> Your assignment: Everything from the line containing "L2R: Kate, Morgan, Talia, Kristina." to the last line of the material below must be retyped exactly, both ends included; skip the pictures.

> Material provided:
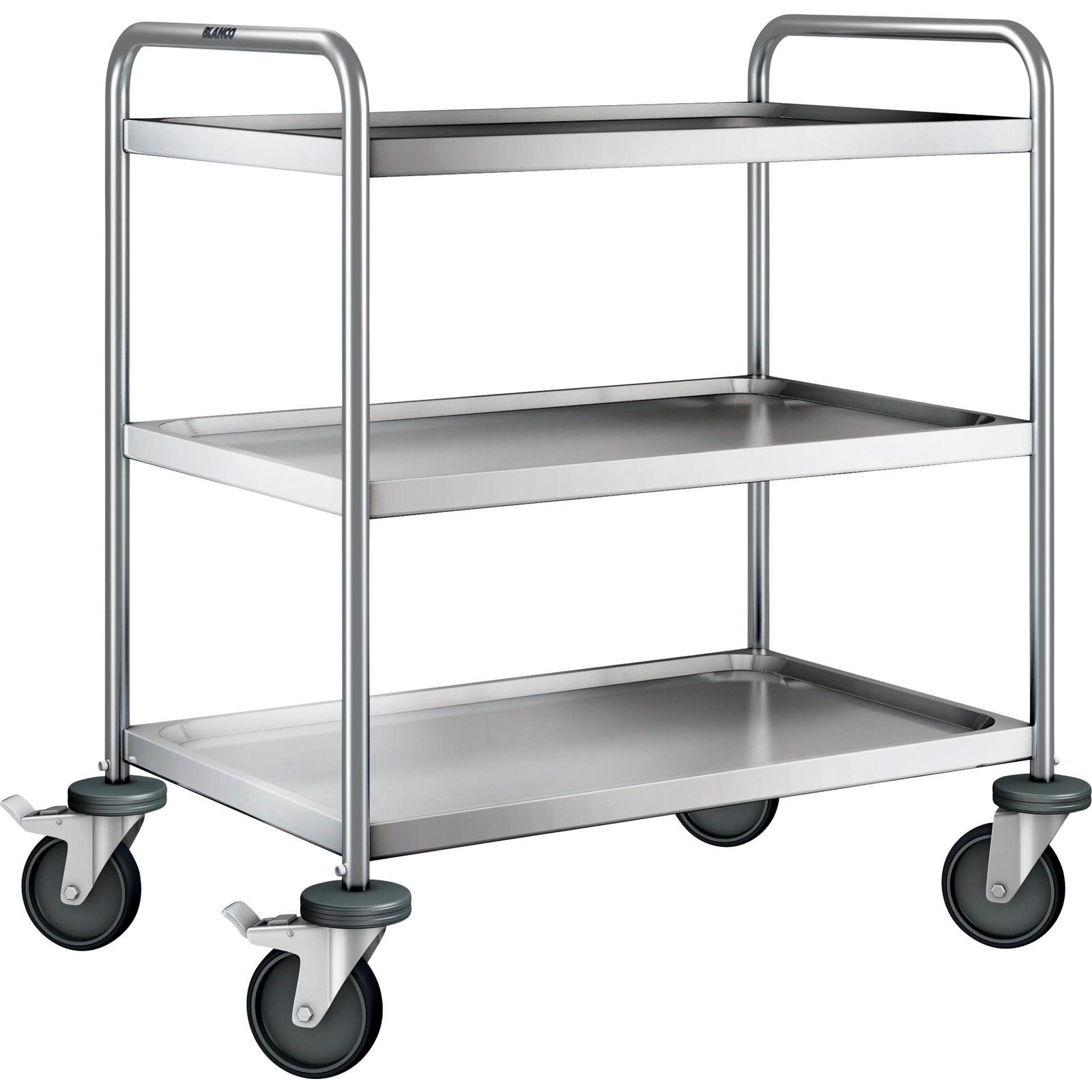 4 Lenkrollen, davon 2 mit Feststeller, stahlverzinkt. Wandabweiser aus Kunststoff (Polyamid). Bordmaß 80x50 cm. Tragfähigkeit 120 kg. Belastung pro Bord: 80 kg. Die Borde sind mit einer schalldämmenden Antidröhnmatte unterfüttert. Besonders stabil, da fest verschweißt. Wird fertig montiert geliefert.
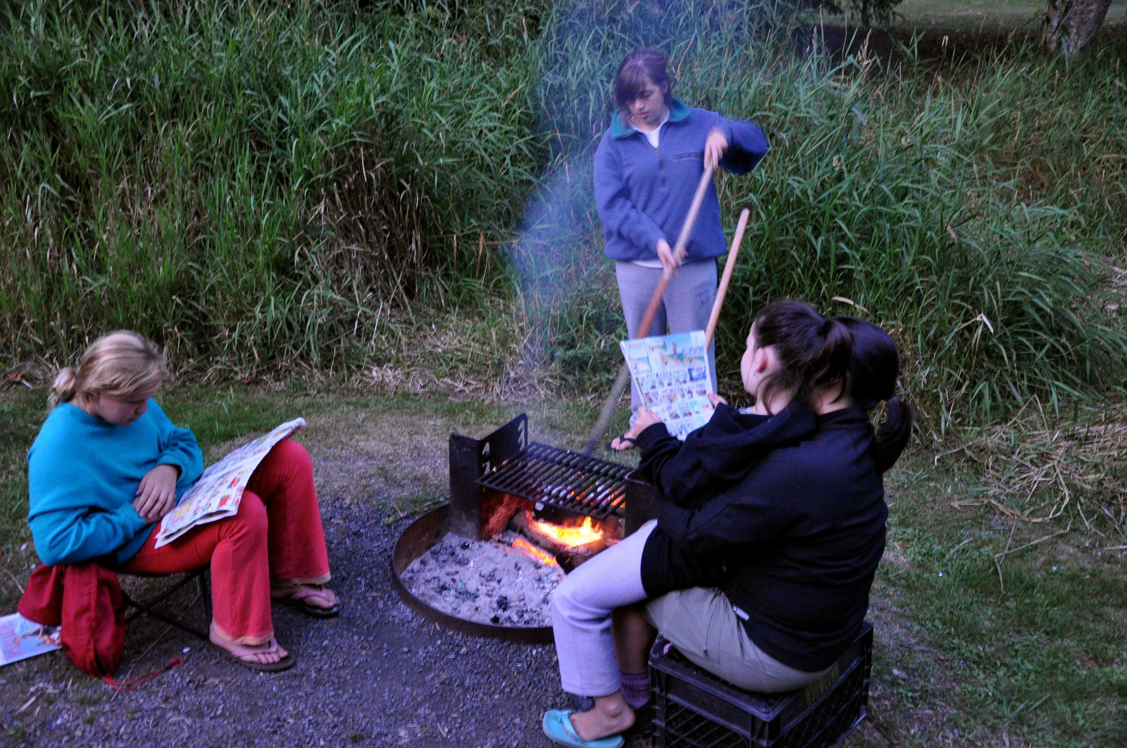 L2R: Kate, Morgan, Talia, Kristina. Together enjoying a campfire at Lake Ozette on our last night camping in Olympic National Park, Monday 23 August 2010.
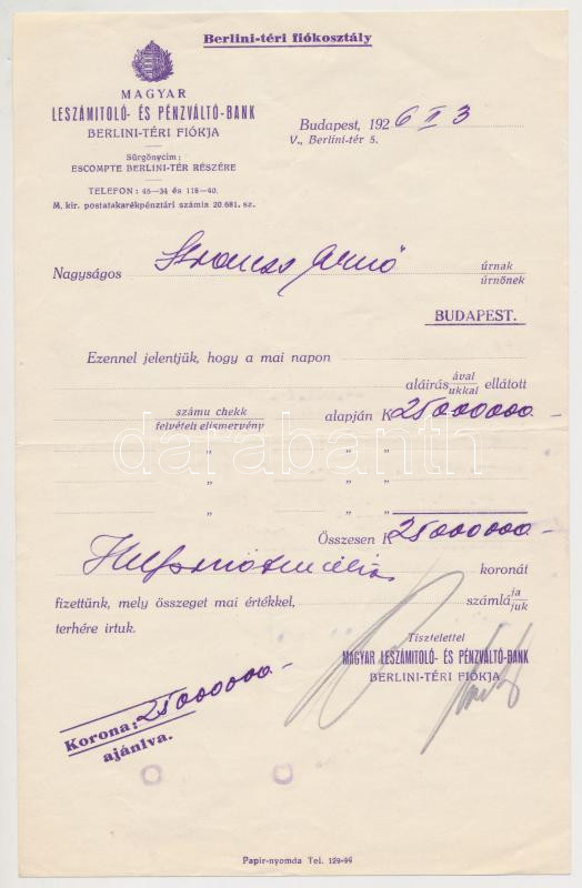 Szolnok 1914. "Fonciére, Pesti biztosÃtó-intézet" felszólÃtás befizetésre + Budapest 1926. "Magyar Leszámitoló- és Pénzváltó-Bank Berlini-téri fiókja" 25.000K felvételérÅ‘l szóló bizonylat T:III
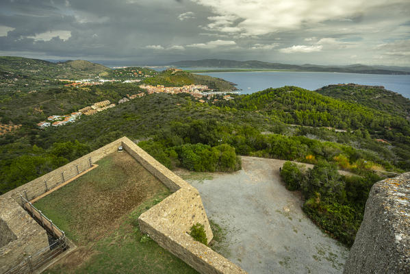 The bay of Porto Ercole seen from the Filippo fortress. Porto Ercole, Grosseto, Tuscany, Italy, Europe

> Solution to the exercise:
 L2R: Kate, Morgan, Talia, Kristina. Together enjoying a campfire at Lake Ozette on our last night camping in Olympic National Park, Monday 23 August 2010.
 Szolnok 1914. "Fonciére, Pesti biztosÃtó-intézet" felszólÃtás befizetésre + Budapest 1926. "Magyar Leszámitoló- és Pénzváltó-Bank Berlini-téri fiókja" 25.000K felvételérÅ‘l szóló bizonylat T:III
 The bay of Porto Ercole seen from the Filippo fortress. Porto Ercole, Grosseto, Tuscany, Italy, Europe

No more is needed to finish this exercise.